As Majeed R. Jafar (1976) masterfully explains, the Kurdish region in modern Turkey is not merely underdeveloped, like Turkey as a whole, but is an exceptionally underdeveloped sector within the latter – or, as he puts it, Turkish Kurdistan suffers from 'under-underdevelopment'. Zülküf Aydin (1986) shows that the region's peasants remained mostly landless sharecroppers. He verifies the general verdict of severe economic underdevelopment for the region.
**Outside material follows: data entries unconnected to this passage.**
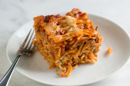 Home Recipes Baked Spaghetti with Creamy Pesto By writerredtriNovember 5, 2012 Search more like this beefground-beefstirpastaspaghettisaucesaltsour-creamcupteaspoonolive-oilspraypanrecipe Read next Recipes The Best Organic Clothes for Babies & Toddlers Recipes 45 Pumpkin Carving Designs That’ll Wow the Neighborhood Recipes Target’s Best Holiday Deals Start Sooner Than You Think Recipes This Larger Than Life Mister Rogers Monument is Exactly What the World Needs Recipes Want a Free Donut on Halloween? Here’s How to Get One from Krispy Kreme What’s not to love about baked pasta with ground beef, marinara sauce, and a layer of creamy pesto? Your kids will gobble up the twist on the classic red sauce spaghetti. And, if you’d rather go meatless, merely omit the ground beef. It’ll taste just as good without the meat. Ingredients: 1 pound (453 grams) dry spaghetti pasta 1 tablespoon olive oil 1 medium onion, chopped 1 pound (453 grams) lean ground beef 1/2 teaspoon salt Two 26-ounce jars (1474 grams) marinara sauce 3/4 cup (175 grams) sour cream 1/4 cup (60 grams) basil pesto 1/2 cup (40 grams) shredded mozzarella cheese Method: 1. Heat oven to 350 degrees F (177 degrees C). Spray a 3-quart baking dish with non-stick cooking spray or lightly grease with butter. (A 13-inch by 9-inch pan works well for this). 2. Bring a large pot of salted water to a boil then add spaghetti and cook according to the package directions (this usually takes about 10 minutes). Then, drain pasta. 3. In a small bowl, stir the basil pesto and sour cream together, and then set aside. While the pasta cooks, heat the olive oil in a large skillet or frying pan with sides. Then, add onions then cook 3 to 5 minutes, stirring occasionally, until translucent. 4. Now, add the beef to the onions. Scatter a 1/2 teaspoon of salt over the beef then use a spoon or fork to break the beef apart. Cook, stirring occasionally, until the beef has browned. This takes about 6 minutes. 5. Drain extra fat from the beef then add tomato sauce and cook, while stirring until heated through. A special thanks to Inspired Taste for this recipe. Head on over to their site for step-by-step photos of this recipe.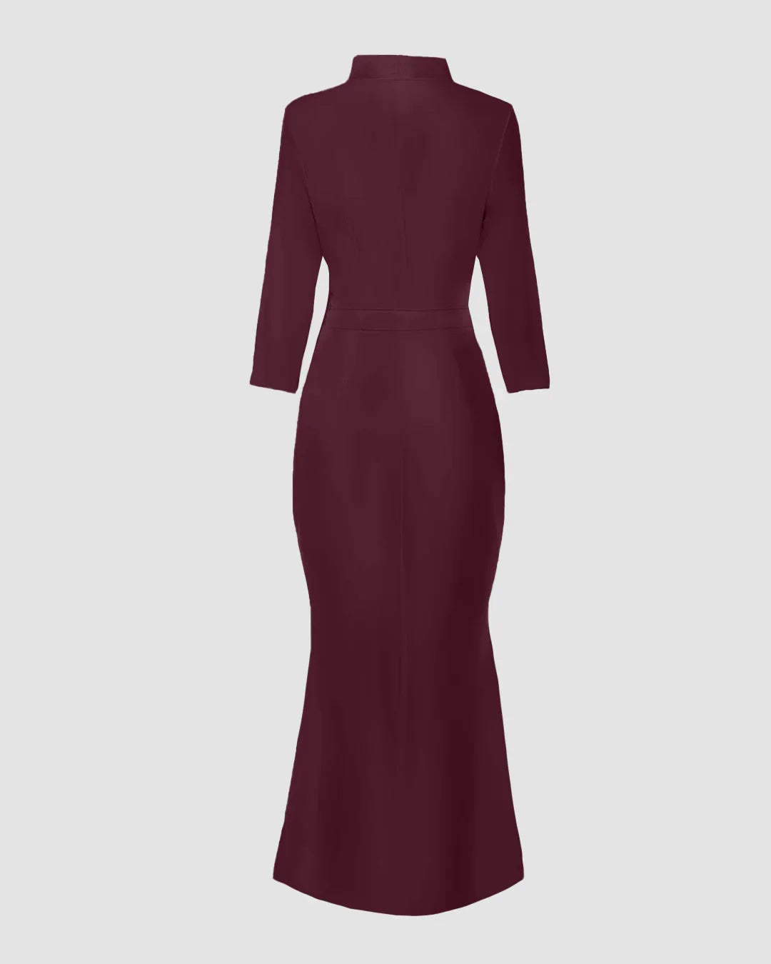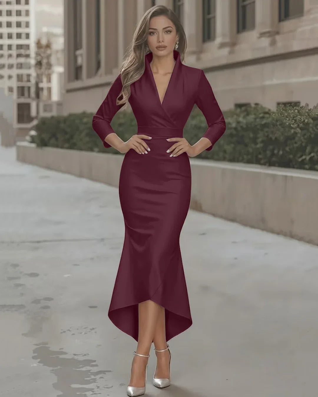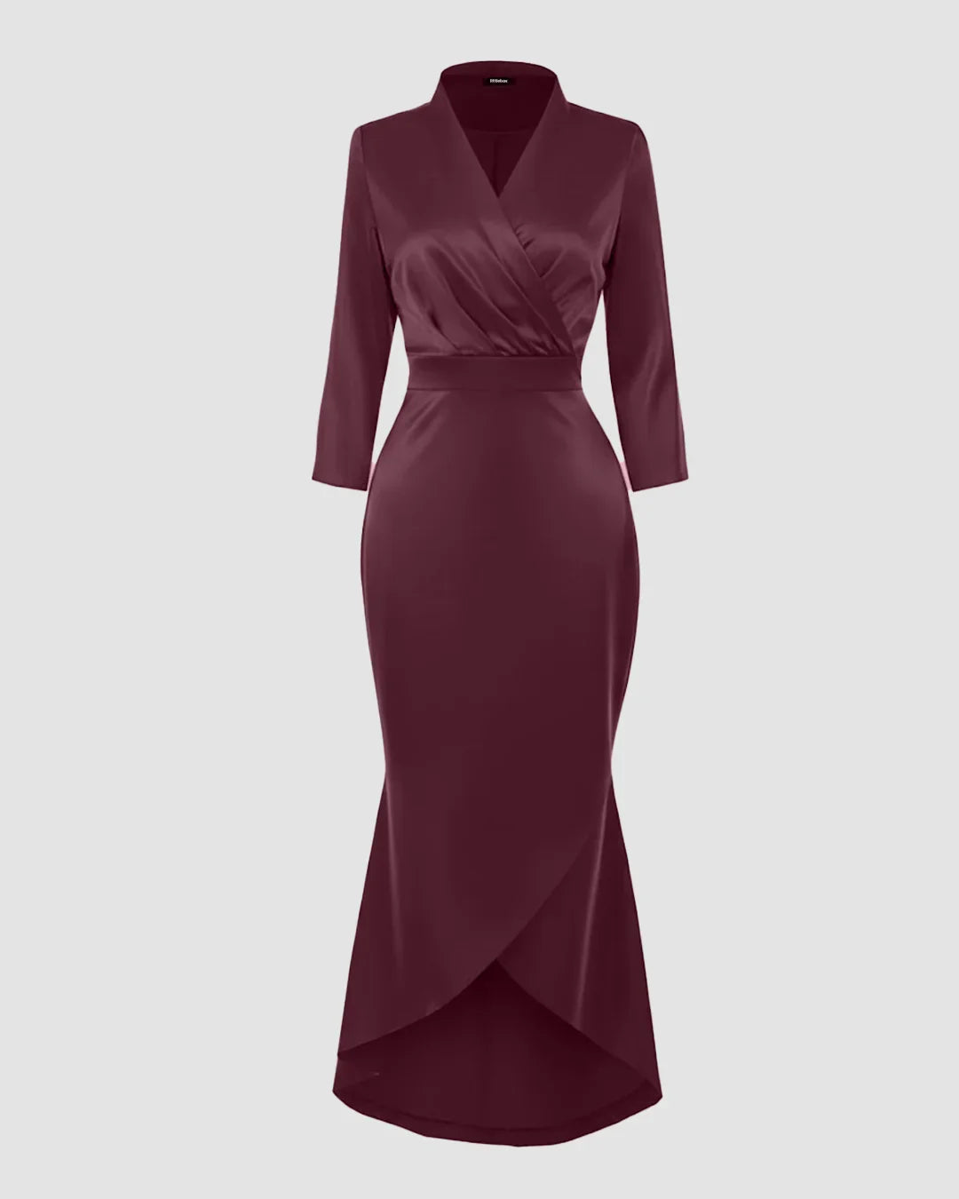 Satin V-Neck Waist-Tapered Mermaid Dress with High-Low Hem in Maroon is designed for moments when you want a clean, confident silhouette that speaks for itself. This mermaid dress features a sharp V-neckline paired with a waist-tapered fit that naturally highlights your shape without feeling restrictive. The smooth satin finish adds a soft sheen, while the high-low hemline brings subtle drama and graceful movement with every step. Structured yet fluid, this mermaid dress feels elegant without trying too hard.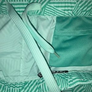 Inner drawstring with hidden inner pocket. Thin, breathable fabric with mesh sides.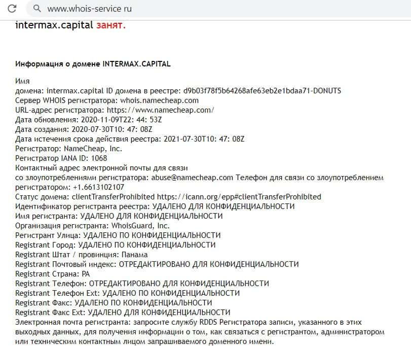 Сервис проверки сайтов Войссервис показывает, что вся информация о создателях ресурса с доменом intermax capital скрыта от пользователей, это аферисты.
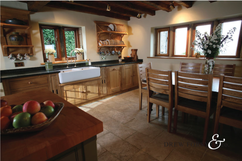 Made from the finest solid oak, this charming kitchen provides a great space for all the family and is packed with character. Timeless quality from Drew Forsyth & co.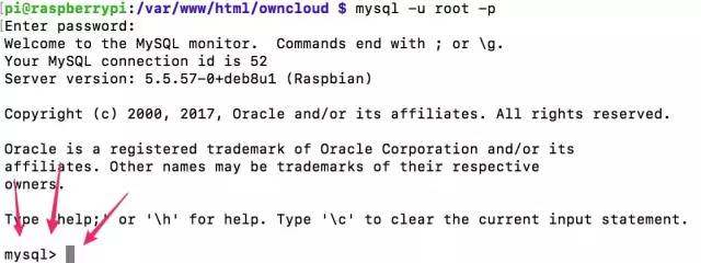 到这里,所有需要在树莓派上安装的东西就完成了,接下来只需要配置好数据库和ownCloud就可以使用了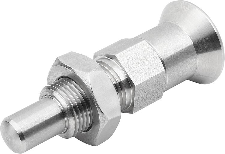 Stainless steel version A4: Threaded sleeve bright. Mushroom grip bright or abrasive blasted. Indexing pin ground and chemically nickel-plated. Indexing pin ground, bright.Note:The materials used enable a wide range of applications. Indexing plungers made from A4 stainless steel are recommended for applications with very high corrosion resistance requirements. Accessory:Spacer rings 03089. fastening sets for thin-walled parts 03094-10.Special features: DownloadHere is all the information as a PDF datasheet: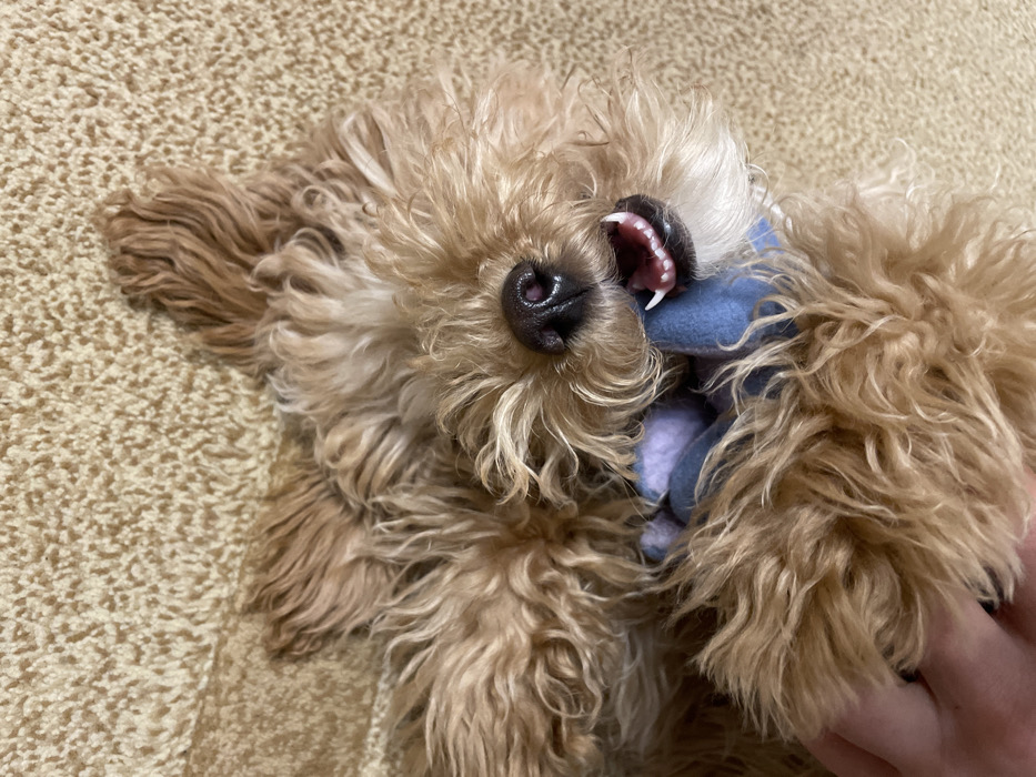 - "The image captures a small, light brown canine, likely a Poodle or Doodle breed, lying on its back on a beige, textured carpet, an interior floor surface within a residence in Aratashen, Armenia" by FM-4p9aD3, licensed under CC BY 4.0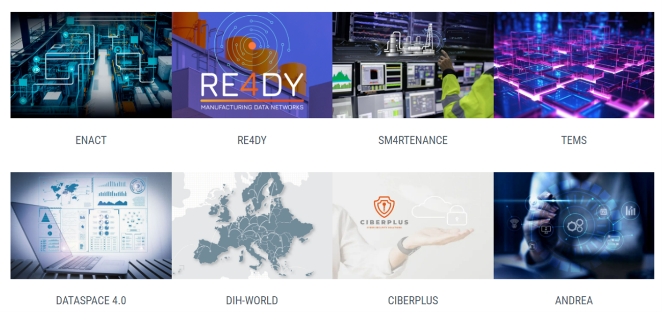 Figure 2. A sample of R&D projects where Innovalia participated, having coordinated RE4DY, DATASPACE4.0, SM4RTENANCE and TEMS.

Aydin, along with Ronnie Margulies, Ergin Yildizoglu (1987) and Kemal H. Karpat (1973), explain how the mechanization of agriculture, beginning in the 1950s, forced vast numbers to migrate either to western Turkey or even abroad. The landless rural Kurds who remained were caught in a horrendous poverty trap, as not even a modest degree of stunted industrial development in Turkish Kurdistan soaked up the jobless and underemployed.
The continuing war in Turkish Kurdistan has massively impacted upon all who live there. Kurdish sociologists estimate that about 3,500 Kurdish villages have been destroyed, rendering some 4 million people homeless. Severe unemployment prevails even in Amed (Diyarbakir), the largest city. In Turkey as a whole the mean annual income is US$7,000, whereas in the four poorest neighbourhoods in Amed it is a mere US$500 (Tatort Kurdistan, 2013: 70; Cagaptay and Jeffrey, 2014: 10).